Steps to reproduce issue

Run the following script

import numpy as np
import openmdao.api as om
import pyspline
from mphys.multipoint import Multipoint

from pygeo.mphys import OM_DVGEOCOMP
from pygeo.constraints.thicknessConstraint import ThicknessConstraint
from collections import OrderedDict

class Top(Multipoint):
    def setup(self):
        self.add_subsystem("dvs", om.IndepVarComp(), promotes=["*"])
        self.dvs.add_output("scale_section", val=np.ones(2) * 1.0)

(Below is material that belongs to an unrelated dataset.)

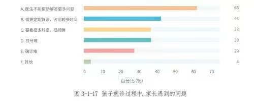 例如,當(dāng)問及診療過程中的困難時,63%的家長認(rèn)為,“醫(yī)生不能解答更多問題”,是就診過程中遇到的最多的困難,44%的家長認(rèn)為,“需要定期復(fù)診,占用較多時間”。“醫(yī)生不能解答更多問題”的原因可能是,兒童發(fā)展障礙的共患病問題較多,很多情況下,單一科室的醫(yī)生難以給予精準(zhǔn)的診斷治療,因此,需要多學(xué)科間的協(xié)作。

        self.add_subsystem("geometry", OM_DVGEOCOMP(file="cube_ffd.xyz", type="ffd"))

    def configure(self):
        # add ref axis
        center_line_cords = np.array(
            [
                [-1.0, 0.0, 0.0],
                [1.0, 0.0, 0.0],
            ]
        )
        c0 = pyspline.Curve(X=center_line_cords, k=2)
        self.geometry.nom_addRefAxis(
             name="centerline", curve=c0, axis=np.array([1.0, 0.0, 0.0]),
        )

        # add design variables
        def scale_sections(val, geo):
            for i in range(geo.scale["centerline"].coef.size):
                geo.scale["centerline"].coef[i] = val[i]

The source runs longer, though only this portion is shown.